Source records:
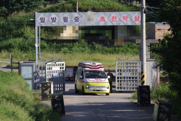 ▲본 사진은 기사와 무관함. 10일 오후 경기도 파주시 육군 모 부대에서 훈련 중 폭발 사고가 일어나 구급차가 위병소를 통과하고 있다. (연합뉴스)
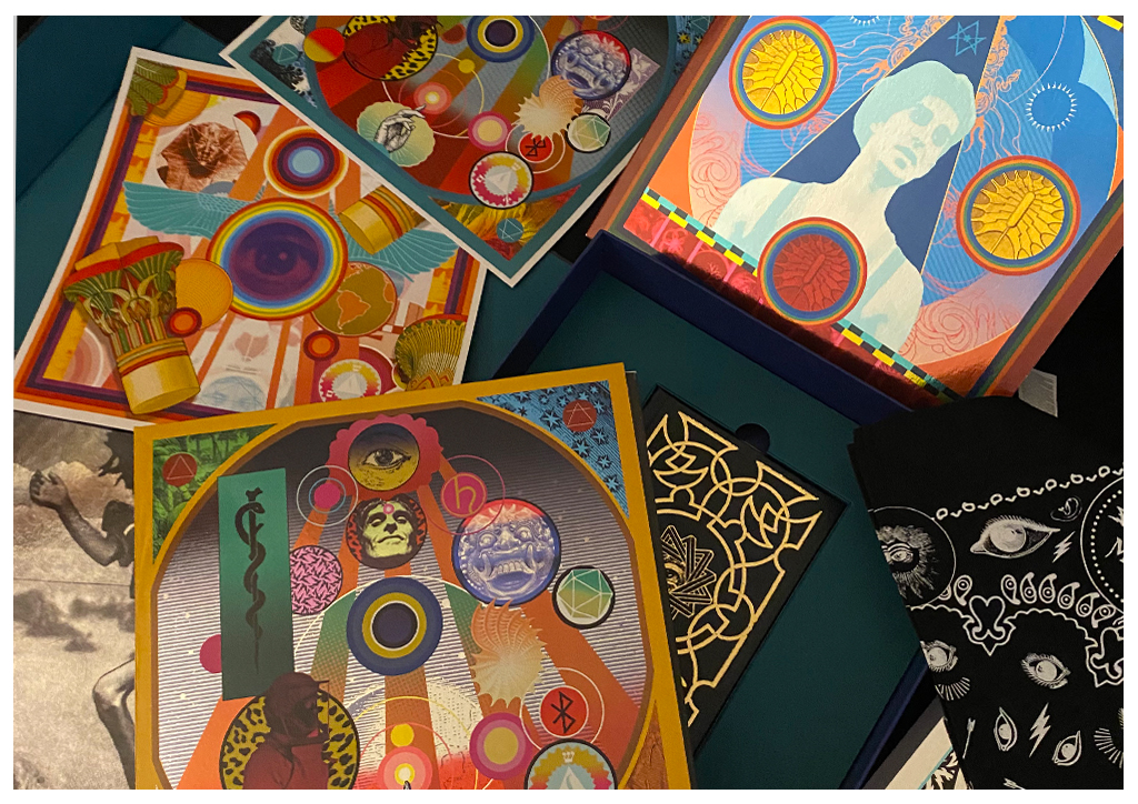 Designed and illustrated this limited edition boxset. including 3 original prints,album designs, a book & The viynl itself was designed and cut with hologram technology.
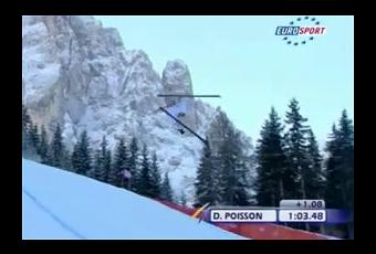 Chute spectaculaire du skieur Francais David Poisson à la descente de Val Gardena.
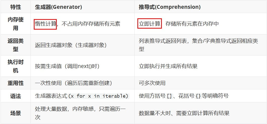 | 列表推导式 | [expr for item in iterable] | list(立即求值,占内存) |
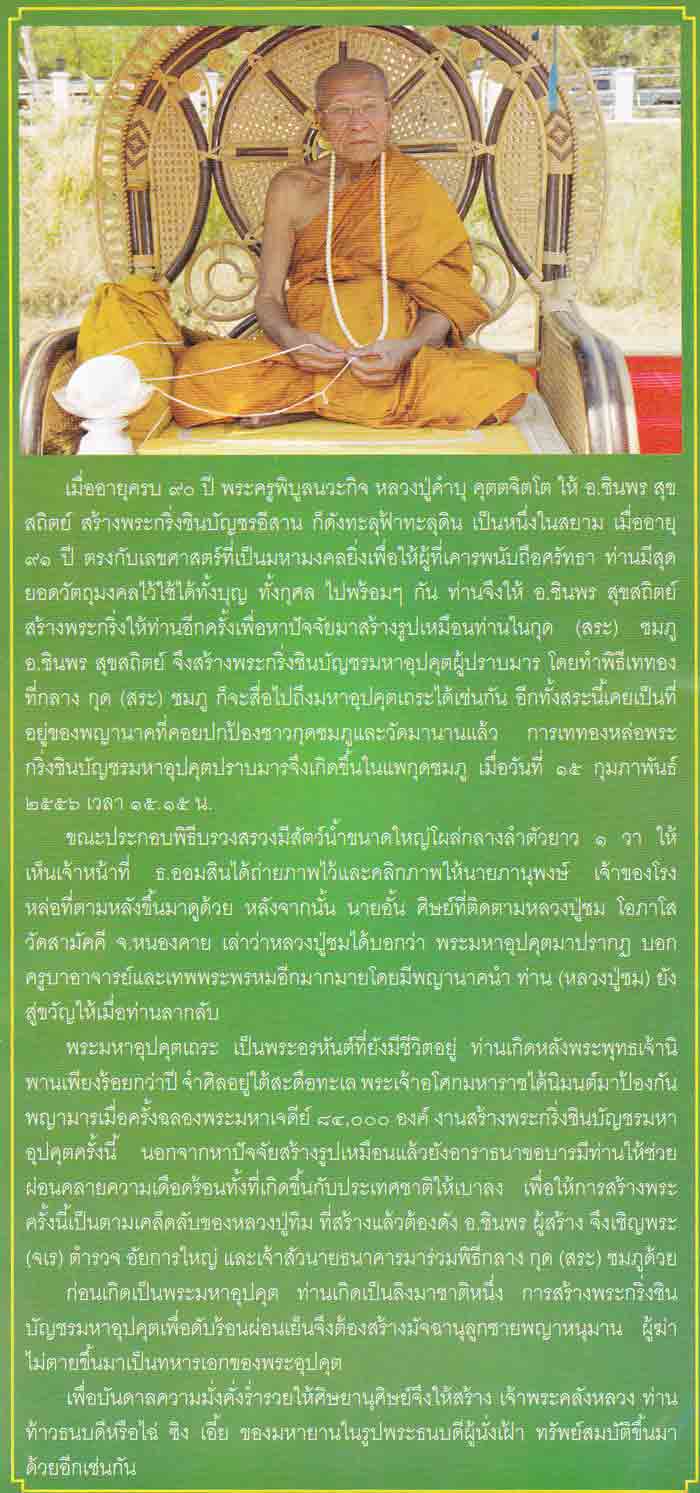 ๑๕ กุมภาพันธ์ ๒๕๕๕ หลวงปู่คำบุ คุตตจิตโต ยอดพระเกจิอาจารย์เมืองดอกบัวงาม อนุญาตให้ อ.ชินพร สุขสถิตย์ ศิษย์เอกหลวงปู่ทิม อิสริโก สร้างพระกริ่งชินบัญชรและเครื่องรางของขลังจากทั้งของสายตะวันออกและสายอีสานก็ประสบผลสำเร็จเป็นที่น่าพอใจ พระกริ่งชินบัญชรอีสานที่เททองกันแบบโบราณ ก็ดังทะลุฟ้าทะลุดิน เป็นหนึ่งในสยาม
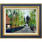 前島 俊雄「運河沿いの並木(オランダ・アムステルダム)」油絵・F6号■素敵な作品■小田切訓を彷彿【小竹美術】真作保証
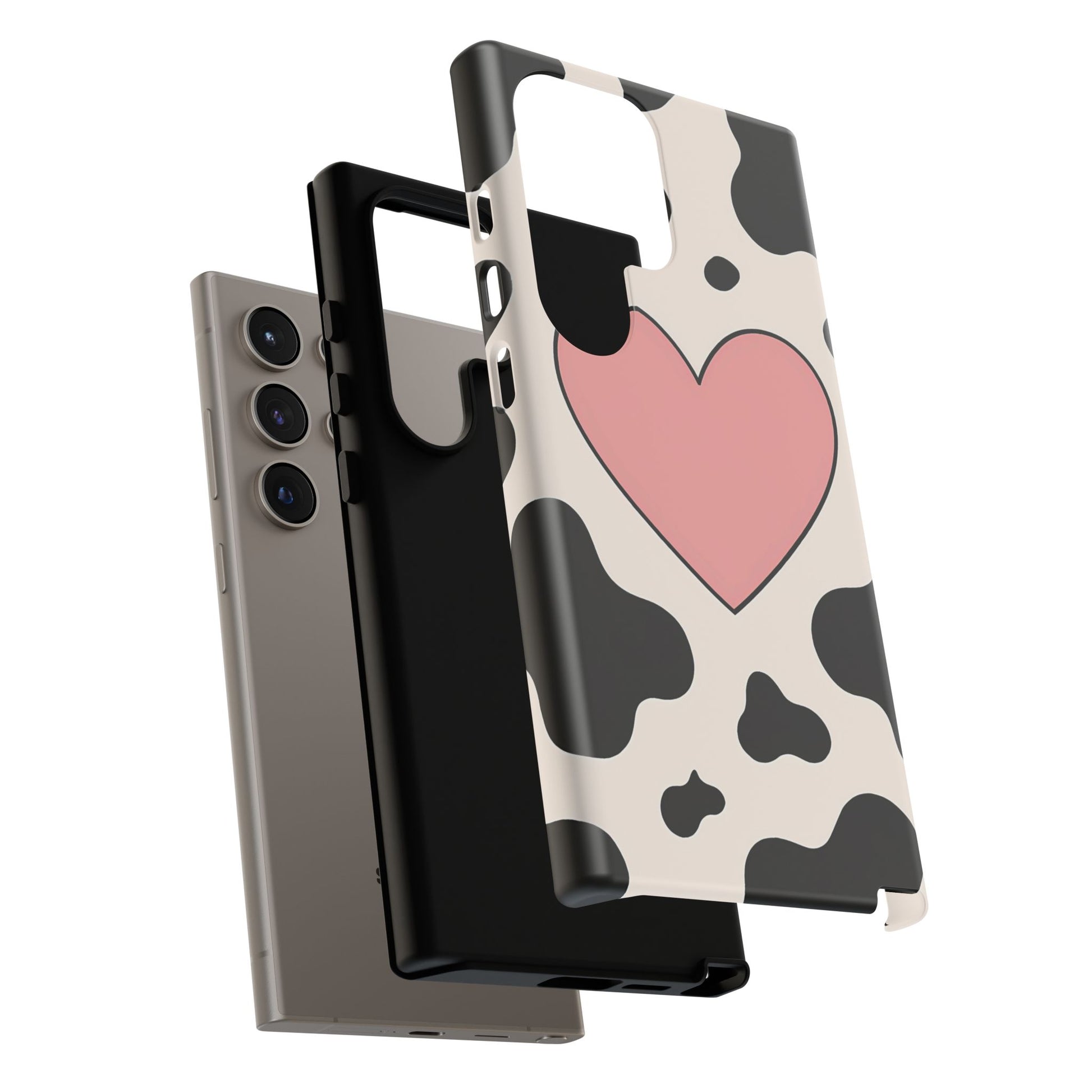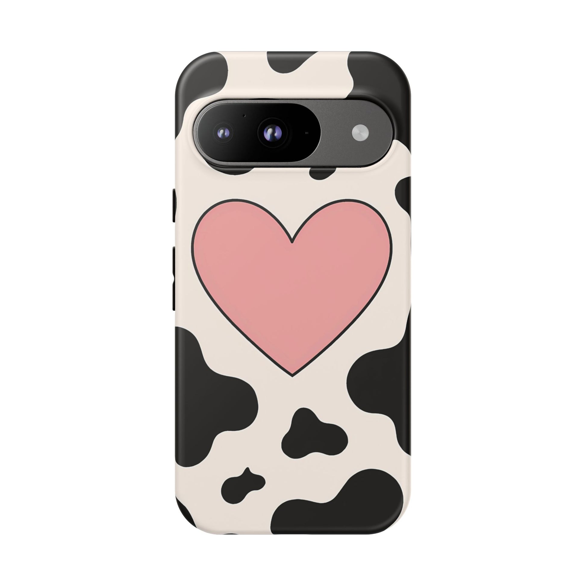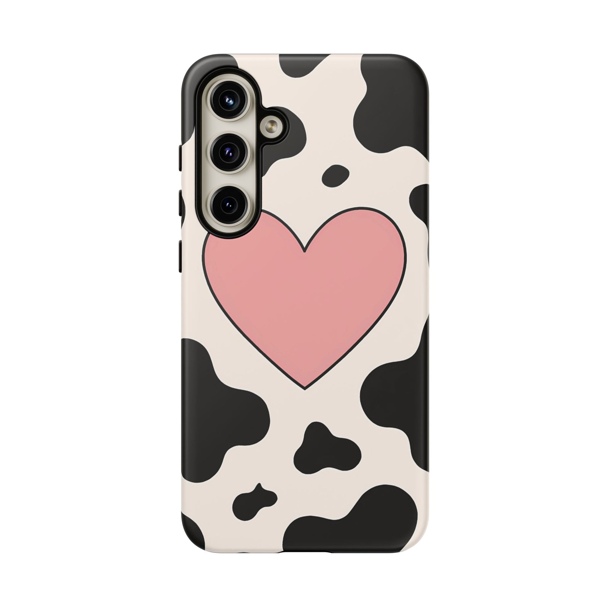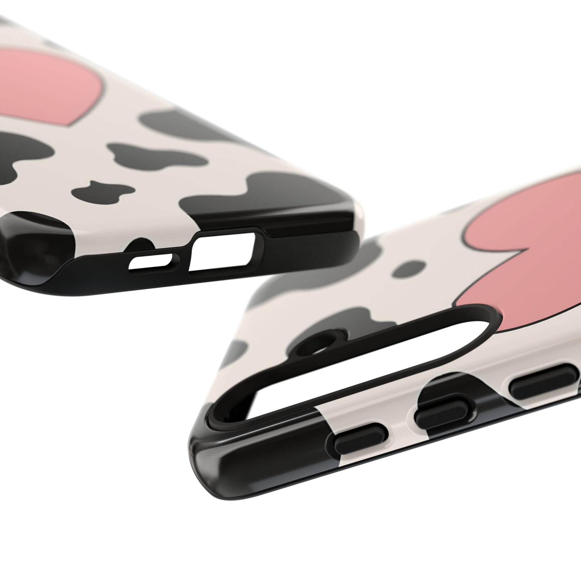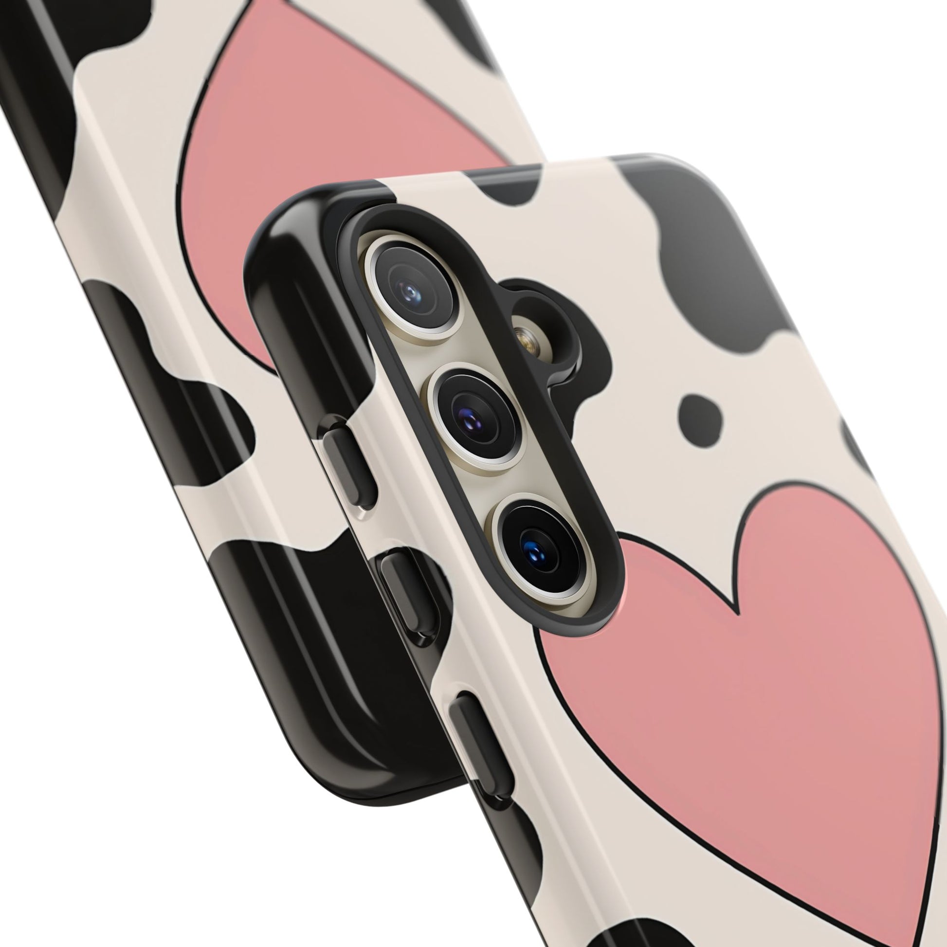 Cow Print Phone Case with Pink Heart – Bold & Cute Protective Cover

Work item:
For this exercise, the lines from the one containing "前島 俊雄「運河沿いの並木(オランダ・ア" through the last line of the entries above are to be output exactly, both included, and pictures are skipped.

Reply to the task:
 前島 俊雄「運河沿いの並木(オランダ・アムステルダム)」油絵・F6号■素敵な作品■小田切訓を彷彿【小竹美術】真作保証
 Cow Print Phone Case with Pink Heart – Bold & Cute Protective Cover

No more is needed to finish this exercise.